Balboa 27 8.2

Development
- Designer: Lyle C. Hess
- Location: United States
- Year: 1976
- Builder: Coastal Recreation
- Role: Cruiser

Boat
- Displacement: 4,900 lb (2,223 kg)
- Draft: 5.50 ft (1.68 m) with swing keel down

Hull
- Type: monohull
- Construction: fiberglass
- LOA: 26.50 ft (8.08 m)
- LWL: 23.00 ft (7.01 m)
- Beam: 8.00 ft (2.44 m)
- Engine: Petters Limited 9 hp (7 kW) diesel inboard motor

Hull appendages
- Keel: swing keel
- Ballast: 2,600 lb (1,179 kg)
- Rudder: transom-mounted rudder

Rig
- Rig type: Bermuda rig
- I foretriangle height: 32.00 ft (9.75 m)
- J foretriangle base: 10.60 ft (3.23 m)
- P mainsail luff: 27.30 ft (8.32 m)
- E mainsail foot: 11.00 ft (3.35 m)

Sails
- Sailplan: masthead sloop
- Mainsail area: 150.15 sq ft (13.949 m^{2})
- Jib/genoa area: 169.60 sq ft (15.756 m^{2})
- Total sail area: 319.75 sq ft (29.706 m^{2})

= Balboa 27 8.2 =

Sailboat class

The Balboa 27 8.2 is a recreational keelboat first built in 1976 by Coastal Recreation in the United States, starting in 1976. It is now out of production.

==Design==
The Balboa 27 8.2 is a development of the Balboa 26.

Designed by Lyle C. Hess the fiberglass hull has a raked stem, a plumb transom, a transom-hung rudder controlled by a tiller and a retractable swing keel. It displaces 4900 lb and carries 2600 lb of ballast.

The boat has a draft of 5.50 ft with the swing keel extended and 2.42 ft with it retracted, allowing operation in shallow water or ground transportation on a trailer.

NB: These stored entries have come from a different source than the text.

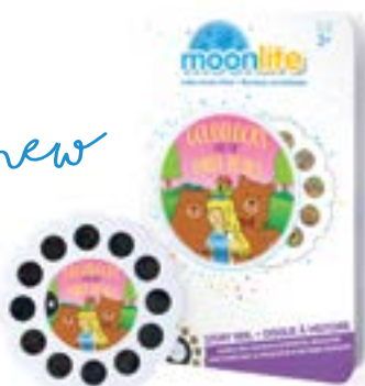
6043712 Moonlight Story Reel Goldilocks and the Three Bears Height: 15.0cm 📦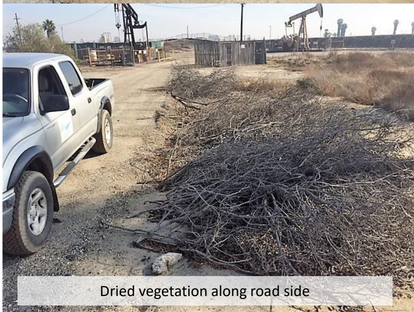
Dried vegetation along road side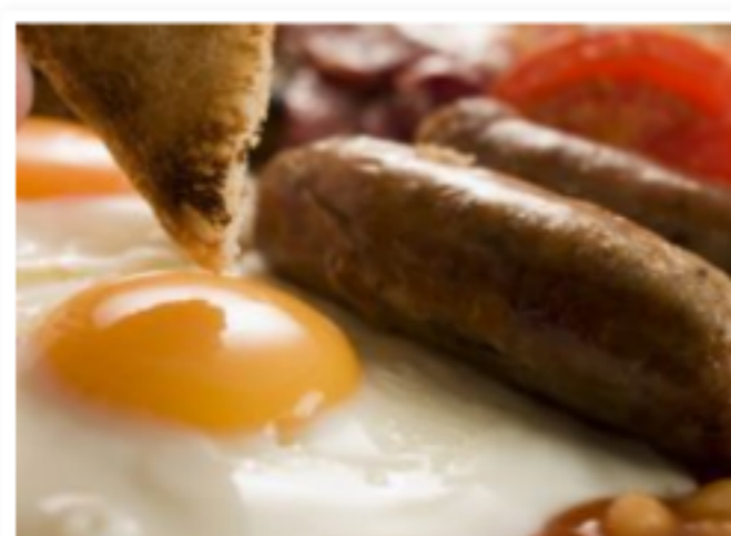
Scrummy Sundays – great places for brunch on the Avocet Line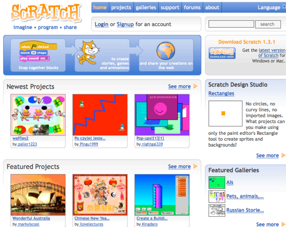
Figure 6: Scratch website

browser (using a Java-based player), comment on the project, vote for the project (by clicking the “Love it?” button), or download the project to view and revise the scripts. (All projects shared on the website are covered by Creative Commons license.)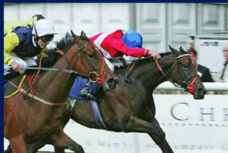
"NASHEEJ enters the Guineas & Oaks picture..."

Purses for Canadian races are in Canadian dollars.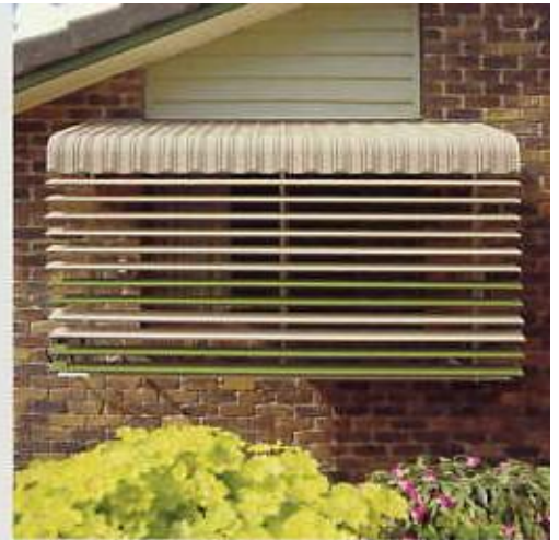
An opened Adjustable Awning offers a view while allowing a cooling breeze.

In addition to weather control, the awning's all-over window cover acts as a safeguard against accidental window damage (from falling branches, children playing ball games etc.) This awning is available in a Fixed and an Adjustable style.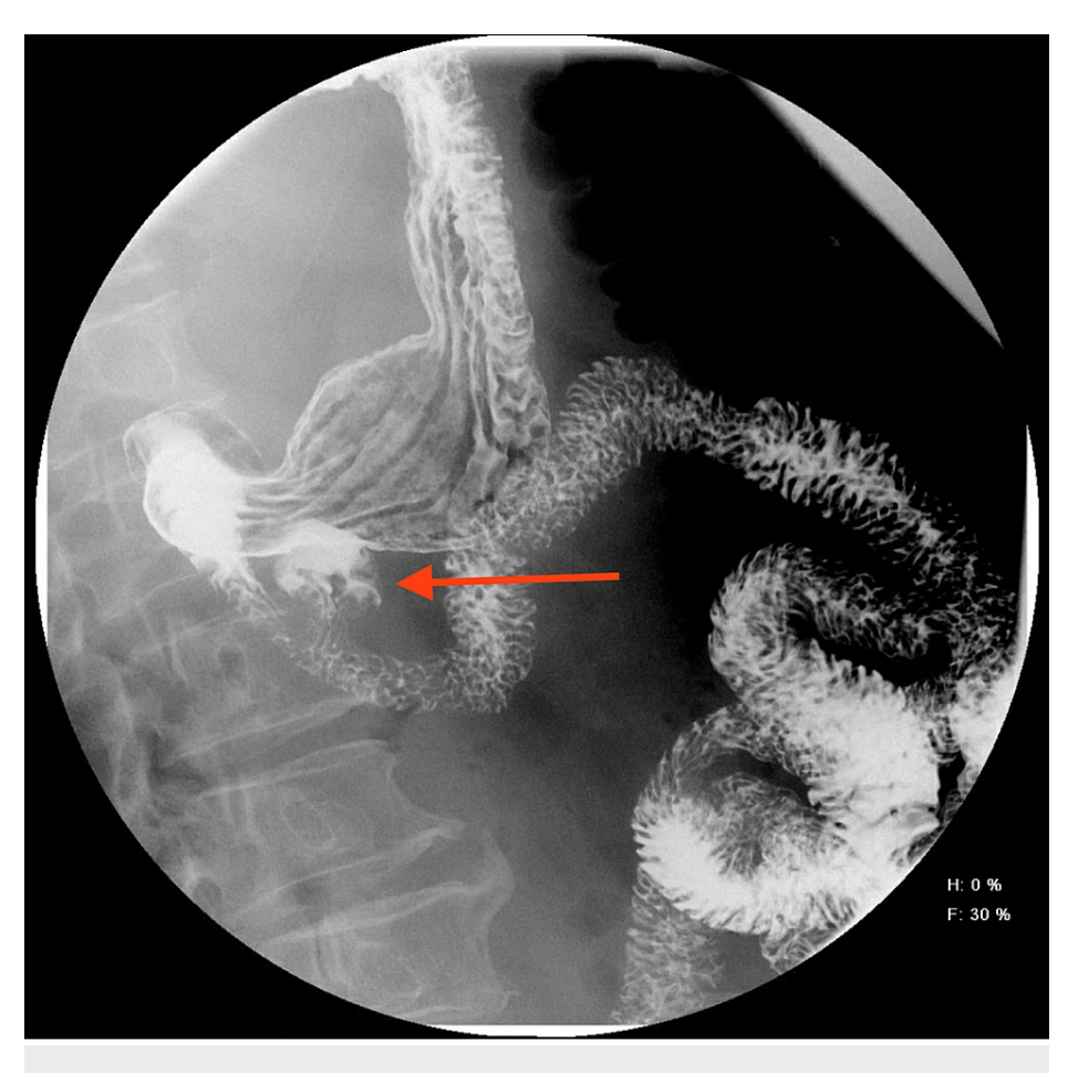
FIGURE 2: Barium meal showing PAD (arrow) in the second part of the duodenum.

PAD, periampullary duodenal diverticulum.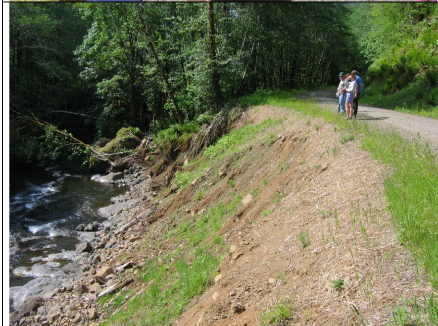
Students observing landslide impacts on streams caused by road construction.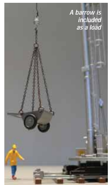
A barrow is included as a load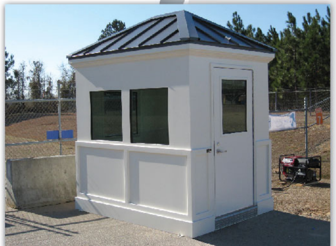
Model BR86 Durasteel with UL 752 Level 7 bullet resistant construction, swing door, tinted glazing, "colonial style" exterior wall finish and standing seam hip roof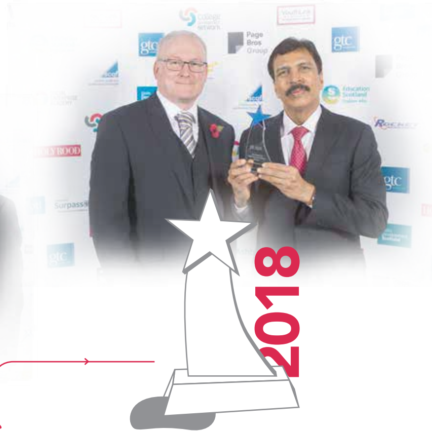
The SQA Star Awards Ceremony 2018 was held on 9th November 2018 to celebrate the outstanding achievements in education and training across Scotland, the United Kingdom and around the world. Saegis Campus was awarded with "The International SQA Star Award" for the Best International SQA Centre.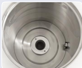
Stainless Steel Interior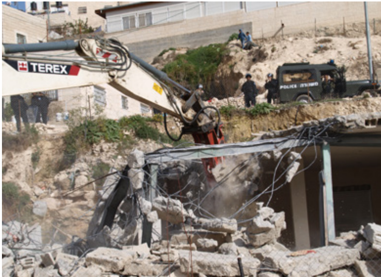
Terex machinery during a house demolition | At-Tur neighborhood, East Jerusalem | 8 February 2009 | Photo by L. Aarvik

Location of Head Office: 200 Nyala Farm Road, Westport, CT 06880, USA.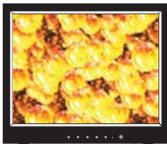
Before 3D Motion Adaptive De-interlacer

In signal processing, a motion adaptive adds a delayed version of a signal to itself, causing constructive and destructive interference. The frequency response of a motion adaptive de-interlacing consists of a series of regularly-spaced spikes, giving the appearance of a comb.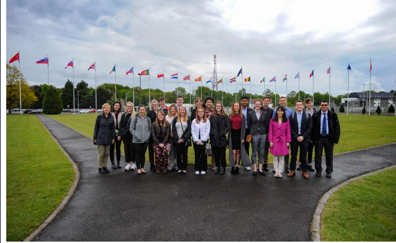
Supreme Headquarters Allied Powers Europe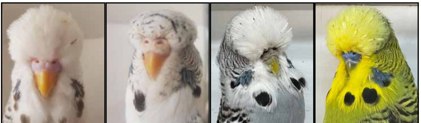
Wheatley Lot 68 Wheatley Lot 69 Gearing Lot 70 Gearing Lot 71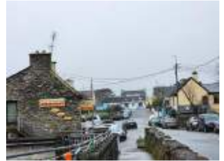
Actress Maureen O'Hara hung out in the picturesque village of Sneem when not in Hollywood.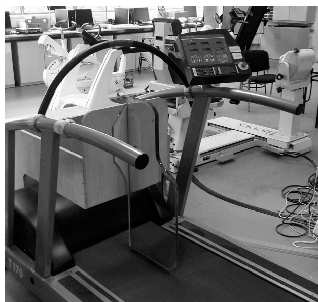
Figure 2. Hand rail locations on treadmill.

The participant verbally guided the speed of the treadmill at the beginning of each of the 12 therapy sessions, which was adjusted by the therapist. A COSMED h/p/cosmos T170 treadmill was used for the intervention. The participant was encouraged to walk at her comfortable walking velocity when on the treadmill. Treadmill velocity in session one was guided by baseline data from the 10MWT, which provided an average comfortable walking velocity in meters per second. For safety and because no weight bearing harness was employed during the intervention, the participant was advised to use the treadmill handrails for support when required. There was a stationary handrail in front of the participant where individual hands or both hands could be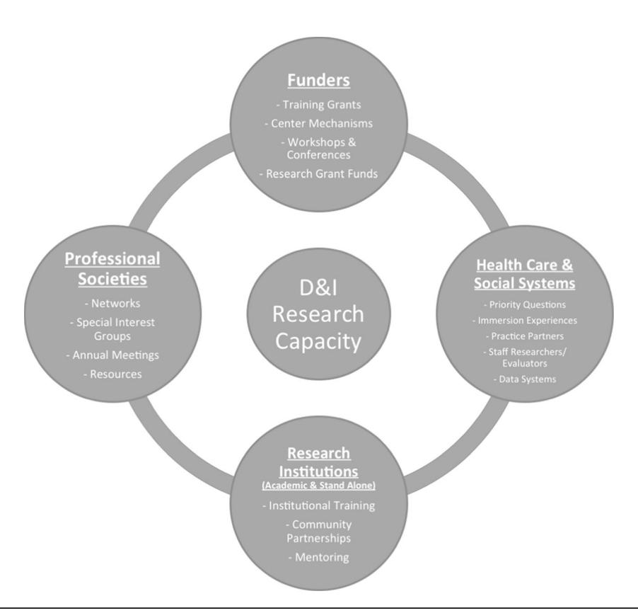
Fig 2 | Diagram of players in D&I research capacity building efforts. Research capacity is composed of healthcare and social systems, funders, research (both academic and stand-alone) institutions, and professional societies. Each of these entities interacts with one another and plays complementary roles in enhancing D&I research capacity

are essential if scientific discoveries are to improve delivery of health care.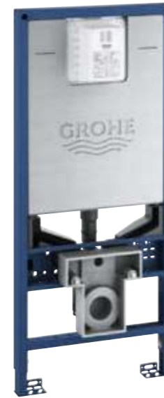
39 597 000 Rapid SLX WC 3-6 | 1.13 m, without outlet pipe Rapid SLX Element for WC, 1.13 m installation height with flushing cistern GD2, with electric socket, including flow manager, easy access and fully insulated against condensation. Without outlet pipe.

get exactly the setup you require, ultimately saving you time and money and ensuring you can deliver complete customer satisfaction from the start.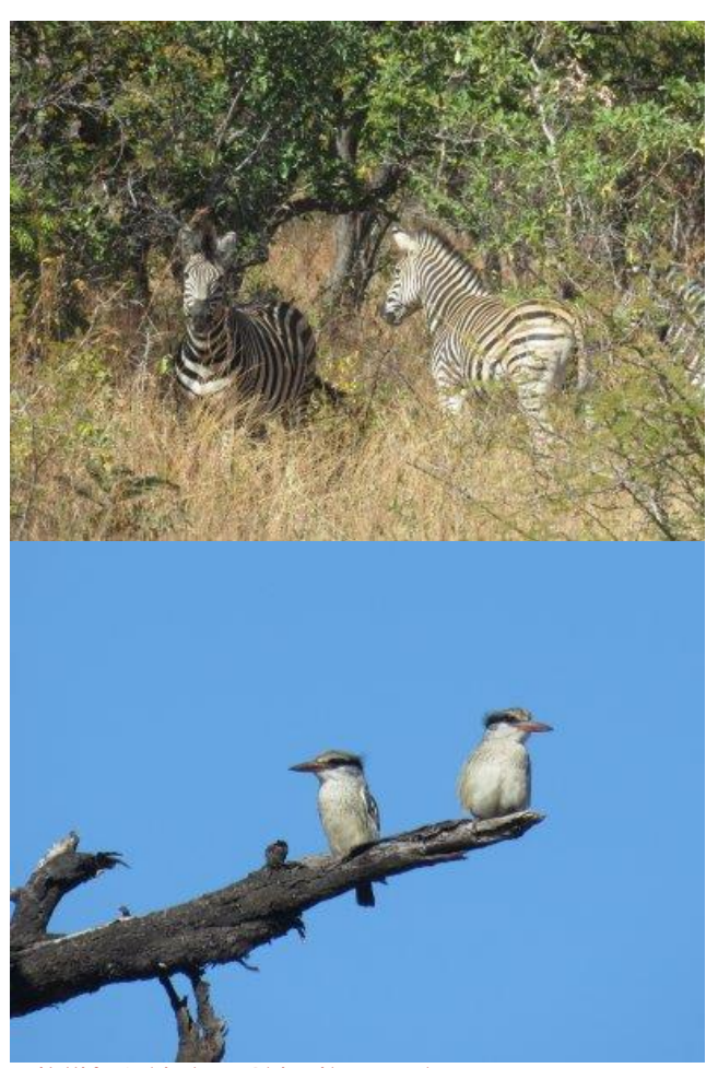
Wildlife & birds at Chinyika Ranch

Buntings appeared, Jameson Firefinch and their friends, Blue Waxbills, African Yellow White-eyes, many pairs of Green-winged Pytilia and even Orange-winged Pytilias. A mother Natal Spurfowl with her two big chicks following, stealthily crept to the edge of the pond. So lovely to study their feathered markings close-up. The Arrow-marked Babblers in numbers looked relaxed, chatty but bossy. A pair of Yellow-bellied Greenbuls, so bright in the sunshine, with gruff songs and the White-browed Scrub-robin entertaining us with his vocal repertoire.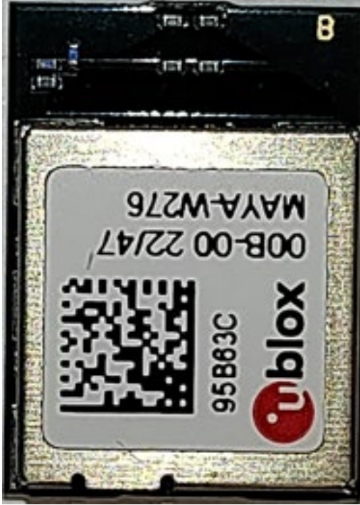
Figure 1: MAYA-W276-00B external photo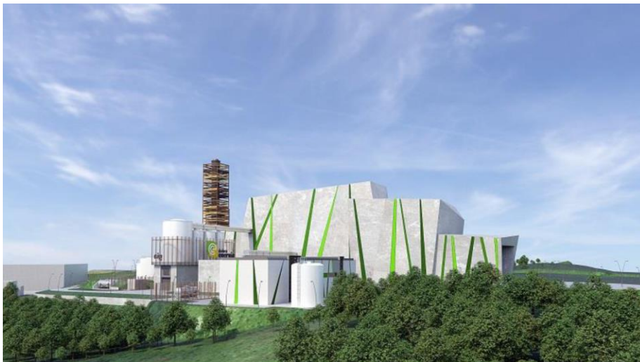
Olstyn Waste to energy plant

This project directly contributes to European policy aiming at reducing the share of landfills as waste management tools and increasing the recovery of energy from waste. It will be a critical contribution of Poland to these EU objectives. Meridiam is proud to add this project to its “circular economy” platform following innovative methanization and biogas projects across France, Spain and Germany.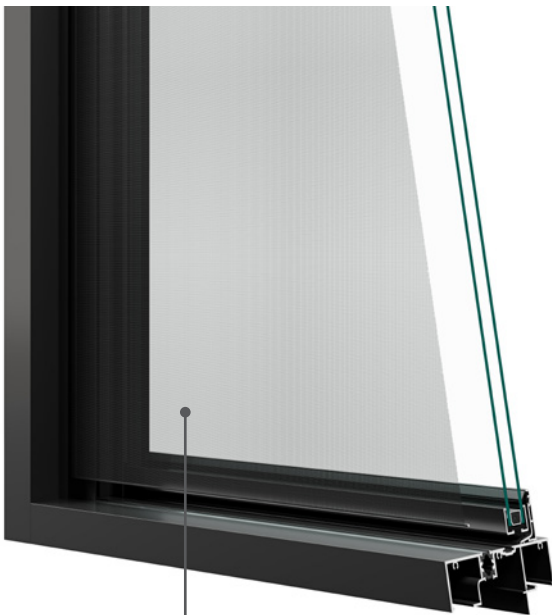
Aluminium screen fixed internally

Screens fixed externally to provide fresh airflow while keeping insects out.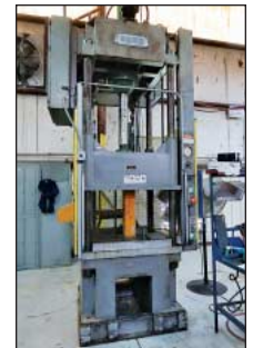
75 Ton Dake Model 27-597 Guided Platen Hydraulic Press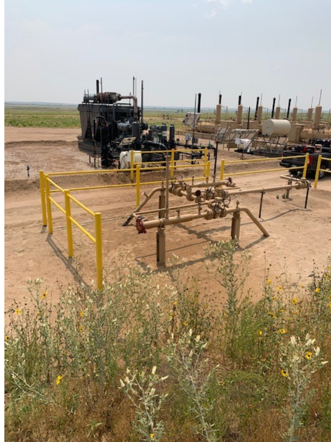
Looking southwest Surface staining associated with compressor release (mist)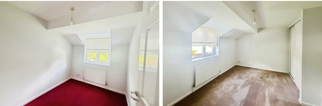
Top Floor Flat, St Georges Court, Maghull

*Measurements of doors, windows, rooms and any other items are approximate and no responsibility is taken for any error, emission, or mis-statement. This plan is for illustrative purposes only and should be used as such by any prospective purchaser. The services, systems and appliances shown have not been tested and no guarantee as to their operability or efficiency can be given. Plan produced using PlanUp.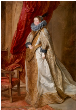
Van Dyck, Genoese Noblewoman, ca. 1625–27, oil on canvas, The Frick Collection; Henry Clay Frick Bequest

paintings by the artist. Among these is the portrait of Frans Snyders, a fellow painter and close artistic collaborator, purchased in the summer of 1909 by Frick, who also acquired that same year the pendant portrait of Snyders's wife, Margareta de Vos. Painted about 1620 when the artist was roughly twenty years old, the two portraits (above) reveal the prodigy's startling talent, expressed in likenesses that combine supreme elegance with a subtle element of melancholy. Other Frick-owned works included in the exhibition will be the full-length canvas Lady Anne Carey, Later Viscountess Claneboye and Countess of Clanbrassil , and the recently conserved Portrait of a Genoese Noblewoman , at left.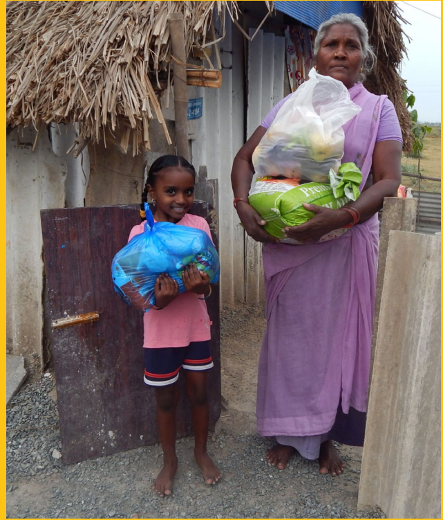
Our COVID-19 Response Fund ensured that families in India had food over the course of the past seven months.

The parents of the children [in the Children Incorporated Program] were happy to receive the given items to support their daily bread in the middle of this time. We have distributed items such as rice, oil, onions, and soap to the families, among other food items, and the beneficiaries convey their heartfelt thanks to the organization for the support.”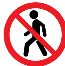
No pedestrians crossing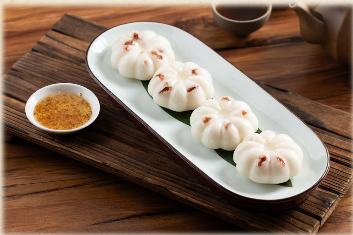
桂花白糖糕 Rice Cake with Osmanthus Syrup

It has a masthead sloop rig.

The boat is fitted with a 9 hp British Petters Limited diesel engine or a small outboard motor for docking and maneuvering. The fresh water tank has a capacity of 21 u.s.gal and the cabin has 73 in of headroom.

In a 1977 article Chuck Malseed described the boat as, "a comfortable 27' trailerable."